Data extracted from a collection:
- - -

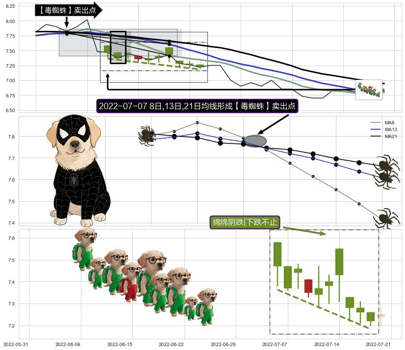 | 3 🅚:【毒蜘蛛】卖出点 ➕ 📐:下降三角整理下行突破支撑位破位, 猜想持续下沉下跌,被突破的支撑位已变为阻力位 ☞ 看空信号 ⇥ 【均线】交织【图形】⇥ 综合量化分数: 35 | > |
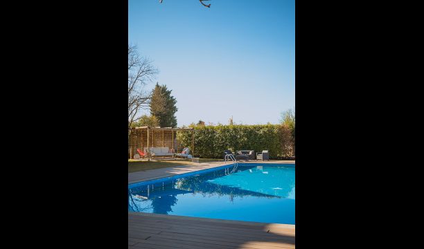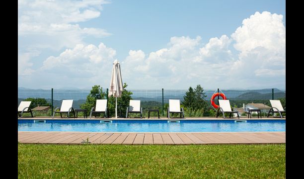 A més, la part posterior de la casa es va convertir en la fantàstica zona de la piscina amb la gran piscina (17 x 5 metres), café taules, lavabos i vestidors, i racons ombrívols i llocs assolellats. La vista és impressionant, directament als Pirineus.
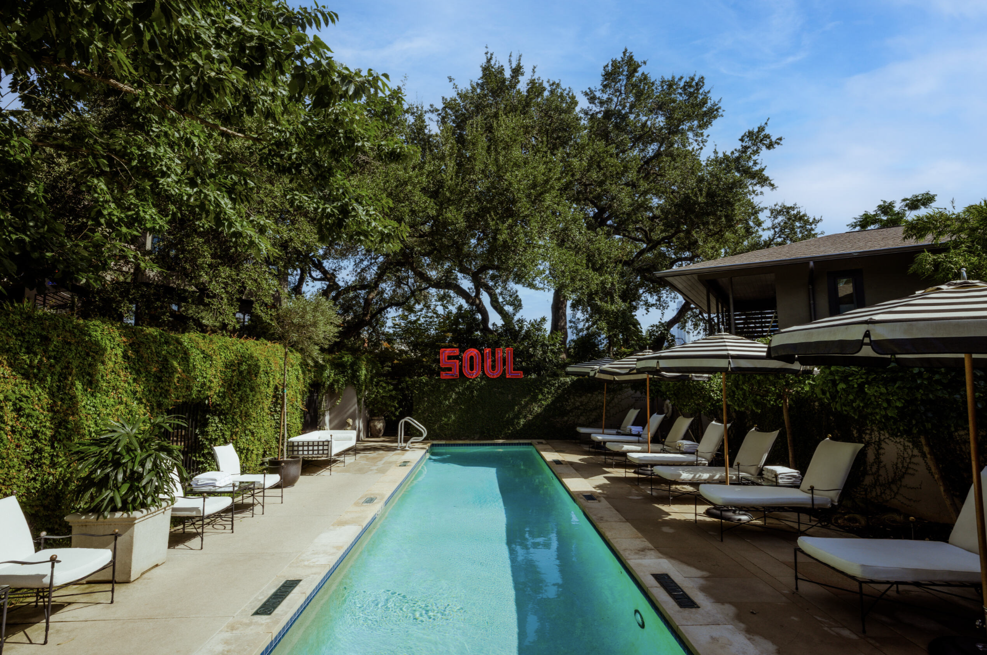 Built in 1888, the original Victorian home is anchored around the majestic oak tree located at the heart of the property. Fully restored with the addition of the iconic SOUL sign in 2009, the Hotel Saint Cecilia is a private sanctuary tucked away off South Congress.
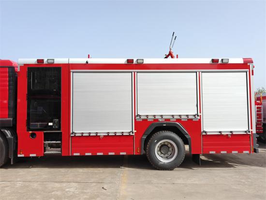 4×4, RHD/LHD can be optionalDies ist ein Löschwasser-Rettungsfahrzeug auf Basis eines Howo-Geländefahrgestells. Es ist mit einem leistungsstarken WD615.97E-Motor mit 300 PS ausgestattet, verfügt über einen 4x4-Allradantrieb, ein schnelles 10-Gang-Getriebe und erreicht eine Höchstgeschwindigkeit von 115 km/h. Es ist einfach zu bedienen, passt sich an verschiedene komplexe Straßenbedingungen an und bietet effiziente Unterstützung bei der Brandbekämpfung. Das Howo 4x4-Löschfahrzeug verfügt über einen 6000-Liter-Wassertank aus Kohlenstoffstahl und einen 1500-Liter-Schaumtank. Die Feuerlöschpumpe wird über eine Zapfwelle angetrieben und hat einen Druckbereich von 1,6–2,5 MPa sowie eine Durchflussrate von bis zu 36 l/s. Es bietet eine stabile Leistung und bietet grundlegende Garantien für Brandbekämpfung und Rettung. Die Feuerkanone hat eine Sprühgeschwindigkeit von 45 l/s und eine Reichweite von 55–65 Metern, sodass sie verschiedene Brandsituationen effektiv bewältigen kann. Das Howo 4x4-Feuerwehrauto ist außerdem mit einem vollständigen Satz Standard-Feuerlösch- und Rettungsausrüstung wie Schaufeln, Brechstangen, Äxten und Schneidgeräten usw. ausgestattet. Leitern und Flutlichter sind optional.
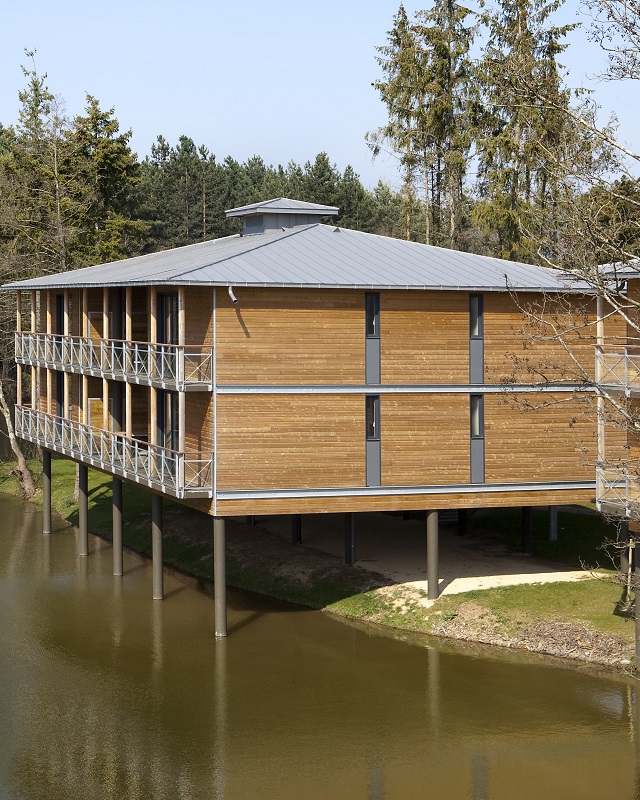 Les matériaux utilisés (béton, parement de bois, zinc) ont été choisis parce qu’ils ne nécessitent peu ou pas d’entretien. Le zinc a été préféré à l’ardoise, matériau régional, car il permet d’obtenir une pente plus faible et peut être recyclé, dans l’hypothèse de la destruction du complexe. Ce qui en revanche n’est pas classique, ce sont les pilotis sur lesquels sont perchés les logements. Ils n’évoquent pas l’architecture lacustre par hasard : le parc est en zone inondable, et si en 2004 le plan d’urbanisme y autorisait encore les constructions, l’architecte s’était lui-même fixé un certain nombre de règles permettant d’adapter les édifi ces à cette contrainte. Les bâtiments doivent faciliter le libre écoulement des eaux, assurer la salubrité des biens et des personnes, respecter la faune et la flore et enfi n faire l’articulation entre l’architecture et le paysage. Ce dernier objectif, plus difficile à
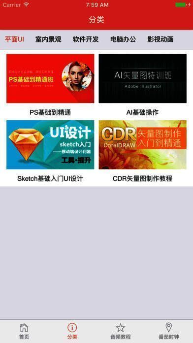 【分类】包含平面UI、室内景观、程序开发、影视动漫、电脑办公等5大精选类别,每个类别下都有相应的视频课程供用户自主选择学习。

- - -

▸ What this task involves: Both ends included, copy word for word the lines from the top of the entries above through the line with "Built in 1888, the". No pictures.

▸ Answer section:
 | 3 🅚:【毒蜘蛛】卖出点 ➕ 📐:下降三角整理下行突破支撑位破位, 猜想持续下沉下跌,被突破的支撑位已变为阻力位 ☞ 看空信号 ⇥ 【均线】交织【图形】⇥ 综合量化分数: 35 | > |
 A més, la part posterior de la casa es va convertir en la fantàstica zona de la piscina amb la gran piscina (17 x 5 metres), café taules, lavabos i vestidors, i racons ombrívols i llocs assolellats. La vista és impressionant, directament als Pirineus.
 Built in 1888, the original Victorian home is anchored around the majestic oak tree located at the heart of the property. Fully restored with the addition of the iconic SOUL sign in 2009, the Hotel Saint Cecilia is a private sanctuary tucked away off South Congress.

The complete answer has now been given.